After Mr. Miller retired, he appealed to the Board alleging that the Agency improperly reassigned him to a lower-grade position. Mr. Miller also challenged the Agency’s denial of his request to use annual leave to establish his eligibility for a discontinued service retirement annuity. The administrative judge (“AJ”) dismissed the appeal for lack of jurisdiction, finding that Mr. Miller retired before the effective date of the Agency’s reassignment:

“While appellant did not suffer a reduction in pay, it does appear that the reassignment would have resulted in a reduction in grade from K to J band which would ordinarily establish jurisdiction over this appeal. The appellant, however, retired from service on August 5, 2008, and the reassignment at issue was not scheduled to be effected until August 6, 2008. Thus, because appellant retired from service before the agency intended to effect the reassignment, the Board lacks jurisdiction over his reduction in grade.”

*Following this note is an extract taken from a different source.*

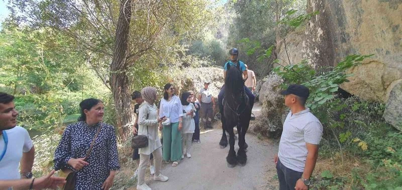 Kapadokya’ya açılan kapı Aksaray’da dünyanın en büyük kanyonları arasında yer alan ve her yıl binlerce yerli ve yabancı turistin ziyaret ettiği Ihlara Vadisinde güvenlik Atlı Jandarma Timi tarafından sağlanıyor.

Miller v. Dep’t of Homeland Sec., Nos. DC-0752-08-0714-1-1 & DC-3443-08-0767-1-1 (M.S.P.B. Nov. 21, 2009) (“Initial Decision ”). The AJ did not address whether the Board had jurisdiction over Mr. Miller’s discontinued service retirement annuity claim.

Mr. Miller petitioned the Board for review of the Initial Decision. The Board denied the petition, finding that Mr. Miller did not “nonfrivolously allege” that the Board has jurisdiction over the Agency’s decision to downgrade his position or its denial of Mr. Miller’s request for a discontinued service retirement annuity. See Final Decision at 5. Mr. Miller timely filed this appeal. We have jurisdiction pursuant to 28 U.S.C. § 1295(a)(9).

DISCUSSION

Our scope of review in an appeal from a decision of the Board is limited. A decision of the Board must be affirmed unless it is “(1) arbitrary, capricious, an abuse of discretion, or otherwise not in accordance with law; (2) obtained without procedures required by law, rule, or regulation having been followed; or (3) unsupported by substantial evidence.” Dickey v. Off. of Pers. Mgmt., 419 F.3d 1336, 1339 (Fed.Cir.2005). We review the question of whether the Board has jurisdiction over an appeal de novo. Herman v. Dep’t of Justice, 193 F.3d 1375, 1378 (Fed.Cir.1999). Mr. Miller carries the burden to establish the Board’s jurisdiction by a preponderance of the evidence. See 5 C.F.R. § 1201.56(a)(2) (2009).

*137 Mr. Miller challenges the Agency’s decision to reassign him from his position in Belgium to a lower-grade position in the United States. The Board ordinarily has jurisdiction over personnel actions take by agencies. See 5 U.S.C. § 7701(a). The Agency’s decision to downgrade Mr. Miller’s position, however, is not subject to review by the Board because Mr. Miller retired on August 5, 2008 before the effective date of his reassignment, August 6, 2008. Thus, Mr. Miller was not downgraded during his employment at TSA. Under these circumstances, Mr. Miller may appeal his reassignment only if he can establish that his retirement was involuntary. See, e.g., Lichtman v. Dep’t of Navy, 24 M.S.P.R. 524 (1984) (where appellant resigned before the decision to remove him was effected, the involuntariness of the resignation was the only issue on appeal). However, Mr. Miller’s involuntary retirement claim is currently pending in a separate appeal before the Board, and no final decision has issued in that case. Therefore, it is not a basis on which jurisdiction can be predicated in this case.

Mr. Miller also contends that he is entitled to a discontinued service retirement annuity under 5 U.S.C. § 8418(b) (“Early Retirement”) and 5 C.F.R.